O Dossiê Assassinatos e Violência Contra Travestis e Transexuais Brasileiras mostra também que 6% estão em atividades informais e subempregos e 90% da população de travestis e mulheres transexuais utiliza exclusivamente a prostituição como fonte de renda.

Em transição desde dos 16 anos, Safira diz que sempre teve o apoio familiar. Isso também se reflete na ótima relação com suas clientes. Para a empreendedora, ser uma mulher trans não influencia em nada no trabalho que realiza. Além disso, diz que o seu trabalho está ajudando a melhorar a autoestima de outras mulheres.

“Até agora nunca senti preconceito ou nenhum constrangimento. Minhas clientes até gostam do fato de eu ser trans, pois sou uma pessoa bem detalhista. Muitas vezes, algumas clientes chegam com a autoestima baixa e a gente conversa durante uma sessão. Isso é muito importante”, destaca.

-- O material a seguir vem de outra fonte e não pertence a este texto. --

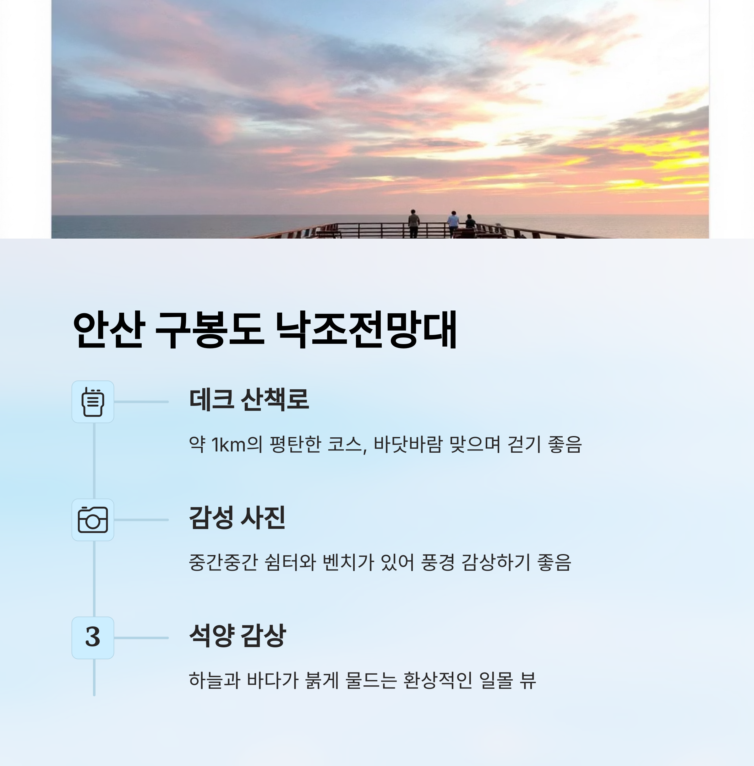 안산 대부도에 위치한 구봉도 낙조전망대는 낭만적인 일몰을 감상할 수 있는 서해의 대표 명소예요. 바다를 따라 놓여진 약 1km의 데크 산책로는 바닷바람을 맞으며 걷기에 너무 좋은 코스예요. 특히 봄에는 살랑이는 바람과 따뜻한 햇살이 더해져 걷기 정말 좋아요.

O Musas do Bronze possui uma clientela totalmente feminina de diversos bairros de Macapá. Safira oferece três opções de bronzeamento e diz que seu diferencial é ser atenciosa com suas clientes.

“A preparação para o bronze é simples, a cliente chega, toma um banho, vai para o quarto para montarmos o biquíni. Se a cliente quiser só bronze simples, eu passo o produto e a coloco no sol. Ficando por um período de 1 hora, dependendo da cor da pele da pessoa”, explica.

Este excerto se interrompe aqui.